FIMM, Institute of Molecular Medicine Finland, University of Helsinki, Helsinki, Finland.
PLoS One. 2011 Feb 18;6(2):e17259. doi: 10.1371/journal.pone.0017259.
Meta-analysis of gene expression microarray datasets presents significant challenges for statistical analysis. We developed and validated a new bioinformatic method for the identification of genes upregulated in subsets of samples of a given tumour type ('outlier genes'), a hallmark of potential oncogenes.
A new statistical method (the gene tissue index, GTI) was developed by modifying and adapting algorithms originally developed for statistical problems in economics. We compared the potential of the GTI to detect outlier genes in meta-datasets with four previously defined statistical methods, COPA, the OS statistic, the t-test and ORT, using simulated data. We demonstrated that the GTI performed equally well to existing methods in a single study simulation. Next, we evaluated the performance of the GTI in the analysis of combined Affymetrix gene expression data from several published studies covering 392 normal samples of tissue from the central nervous system, 74 astrocytomas, and 353 glioblastomas. According to the results, the GTI was better able than most of the previous methods to identify known oncogenic outlier genes. In addition, the GTI identified 29 novel outlier genes in glioblastomas, including TYMS and CDKN2A. The over-expression of these genes was validated in vivo by immunohistochemical staining data from clinical glioblastoma samples. Immunohistochemical data were available for 65% (19 of 29) of these genes, and 17 of these 19 genes (90%) showed a typical outlier staining pattern. Furthermore, raltitrexed, a specific inhibitor of TYMS used in the therapy of tumour types other than glioblastoma, also effectively blocked cell proliferation in glioblastoma cell lines, thus highlighting this outlier gene candidate as a potential therapeutic target.
CONCLUSIONS/SIGNIFICANCE: Taken together, these results support the GTI as a novel approach to identify potential oncogene outliers and drug targets.

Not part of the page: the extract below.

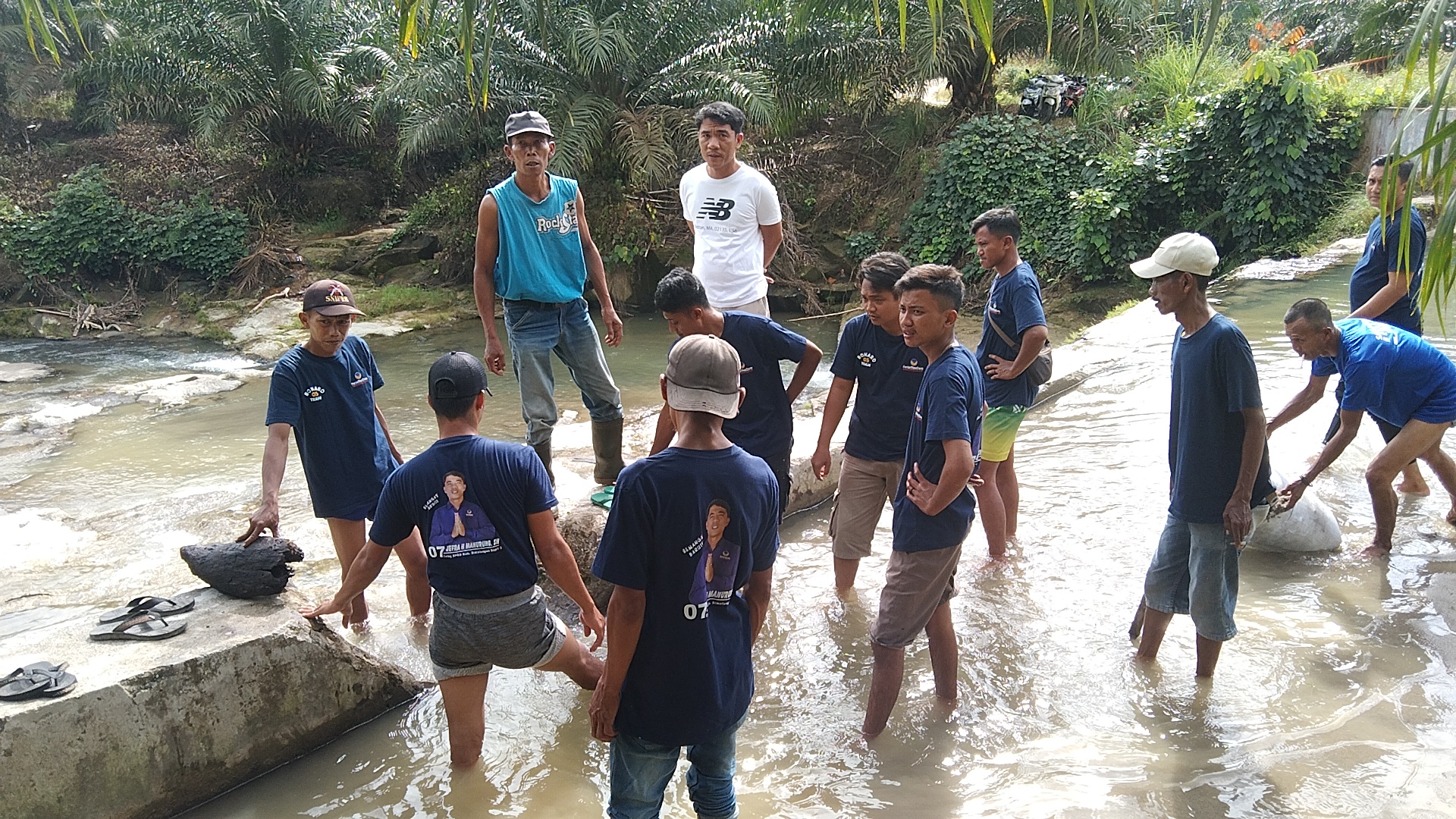 JEFRA MANURUNG bersama warga masyarakat menuju lokasi areal Perkebunan PTPN IV Unit Kebun Balimbingan yang menjadi pintu pembagian saluran air menuju dua dusun tersebut.

The algorithm is implemented in an R package (Text S1).
基因表达微阵列数据集的荟萃分析对统计分析提出了重大挑战。我们开发并验证了一种新的生物信息学方法,用于鉴定给定肿瘤类型样本中上调的基因(“异常基因”),这是潜在致癌基因的标志。

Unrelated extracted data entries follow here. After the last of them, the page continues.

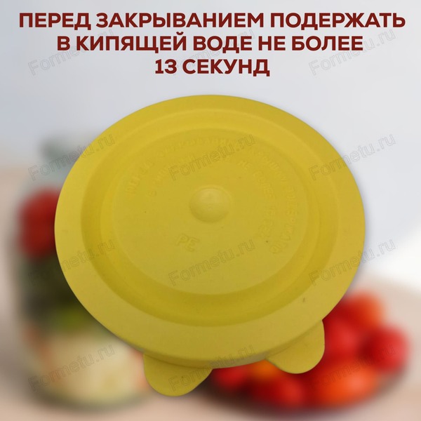 Способ применения: Перед использованием полиэтиленовые крышки промыть моющим средством. Перед закрыванием крышку опустить в горячую воду на 13 секунд.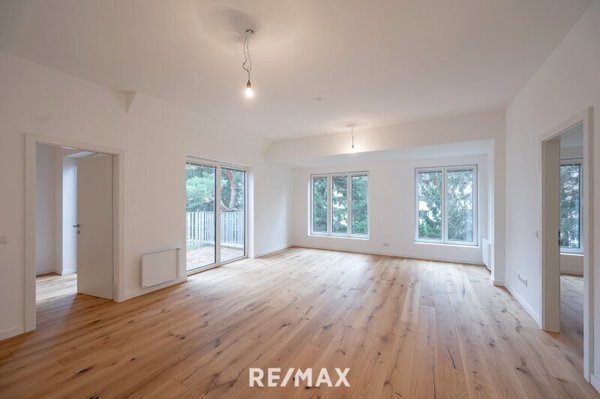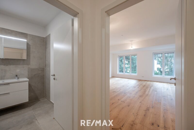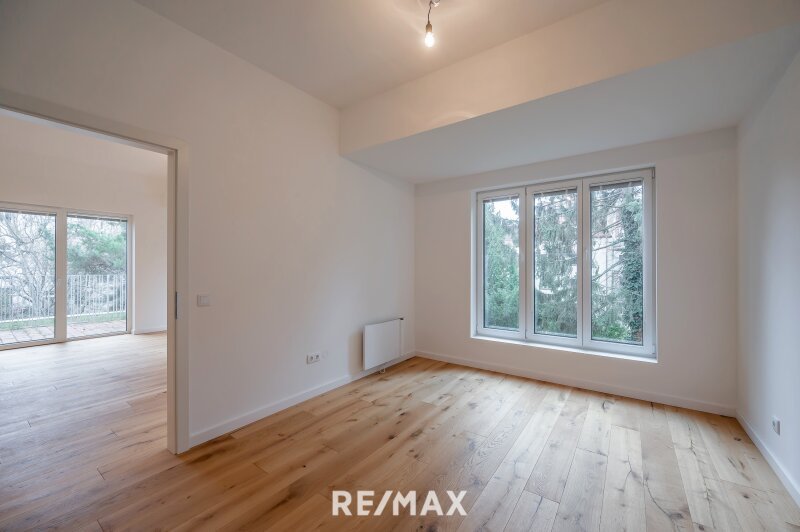 Moderne Terrassenwohnung mit außergewöhnlicher Raumhöhe – Ruhig gelegen, nach hinten gartenseitig ausgerichtet, öffnet sie sich zu einem geschützten, grünen Rückzugsbereich.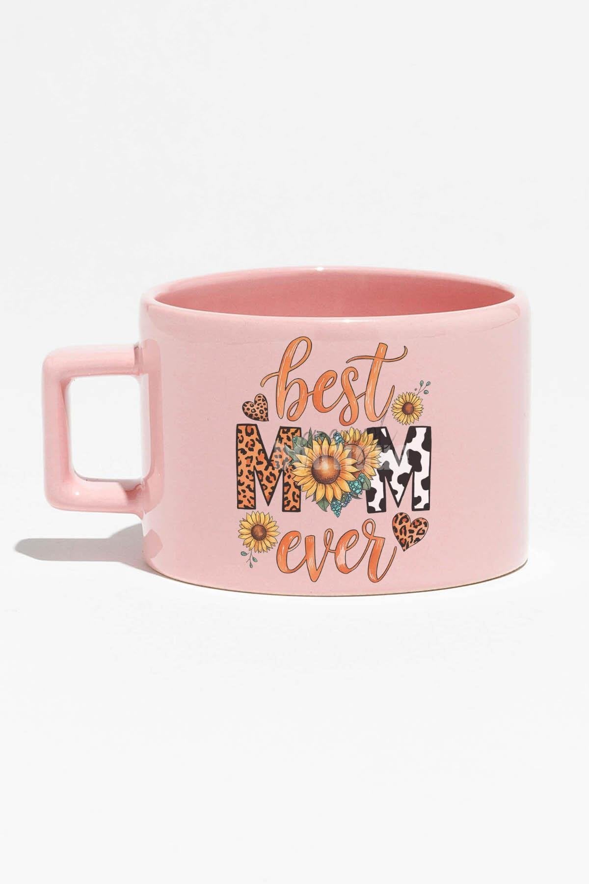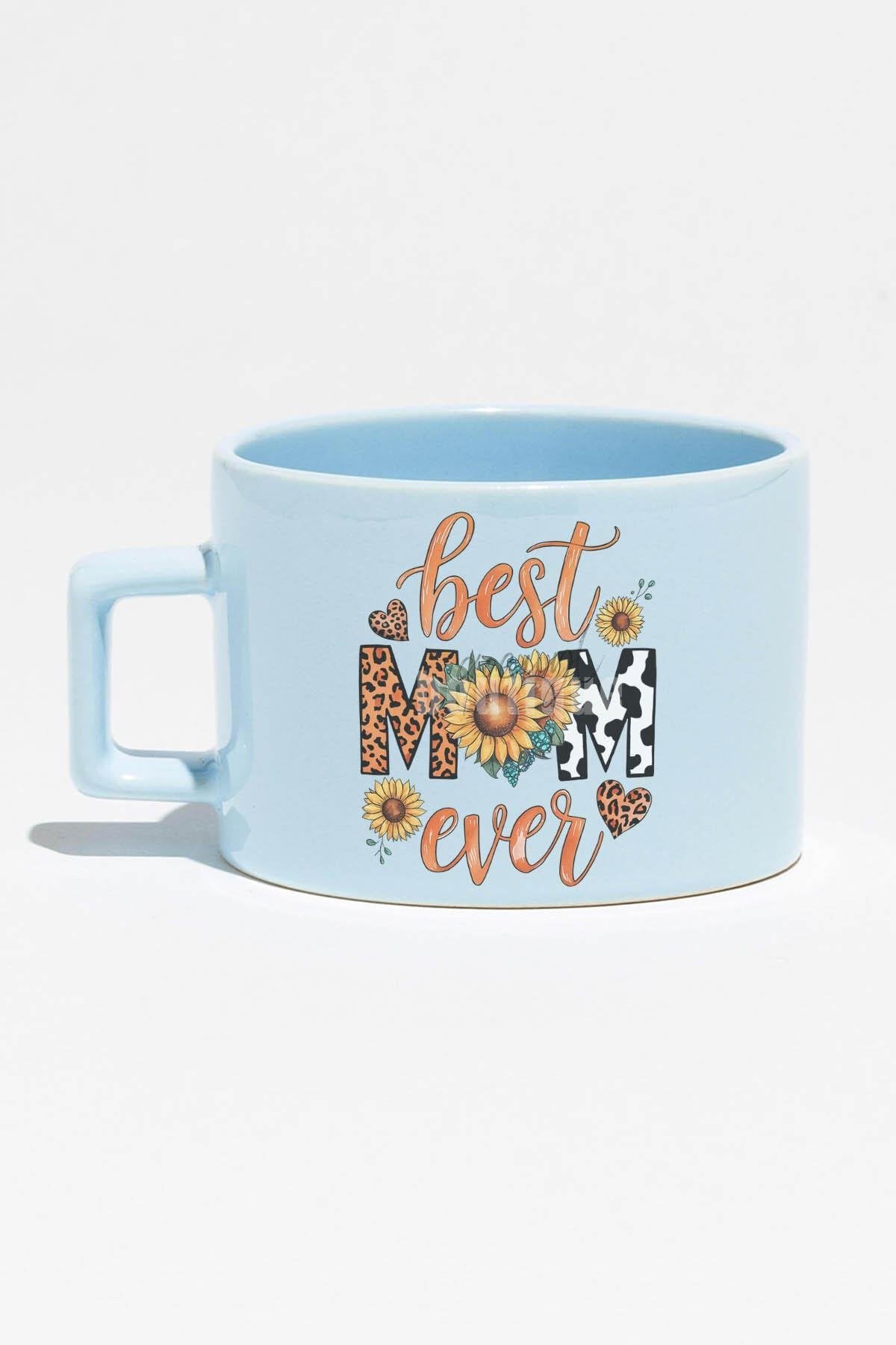 Best Mom Ever Baskılı Anneler Günü Hediyelik Mavi Dikdörtgen Kulplu Fincan Kupa Bardak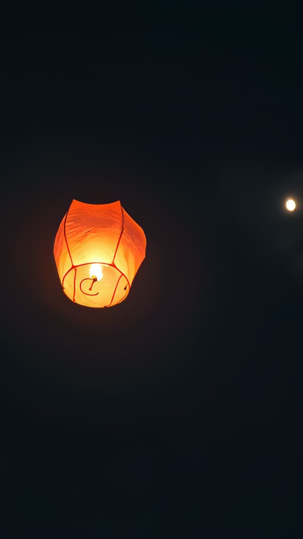 - Vertical video of orange sky lantern rising at night with glowing flame and moon

通过修改和调整最初为经济学中的统计问题开发的算法,开发了一种新的统计方法(基因组织指数,GTI)。我们使用模拟数据将 GTI 与之前定义的四种统计方法(COPA、OS 统计、t 检验和 ORT)进行比较,以检测荟萃数据集的异常基因。我们证明 GTI 在单个研究模拟中与现有方法的性能相当。接下来,我们评估了 GTI 在分析来自几个已发表研究的组合 Affymetrix 基因表达数据中的性能,这些研究涵盖了中枢神经系统的 392 个正常组织样本、74 个星形细胞瘤和 353 个胶质母细胞瘤。结果表明,GTI 比大多数先前的方法更能识别已知的致癌异常基因。此外,GTI 在胶质母细胞瘤中鉴定了 29 个新的异常基因,包括 TYMS 和 CDKN2A。这些基因的过表达通过来自临床胶质母细胞瘤样本的免疫组织化学染色数据在体内得到验证。这些基因中有 65%(29 个中的 19 个)具有免疫组织化学数据,其中 17 个(90%)显示出典型的异常染色模式。此外,培美曲塞,一种用于治疗非胶质母细胞瘤肿瘤类型的 TYMS 的特异性抑制剂,也能有效抑制胶质母细胞瘤细胞系的细胞增殖,从而突出了该异常基因候选物作为潜在治疗靶点的重要性。
结论/意义:总的来说,这些结果支持 GTI 作为一种新的方法来鉴定潜在的致癌基因异常和药物靶点。该算法在 R 包中实现(Text S1)。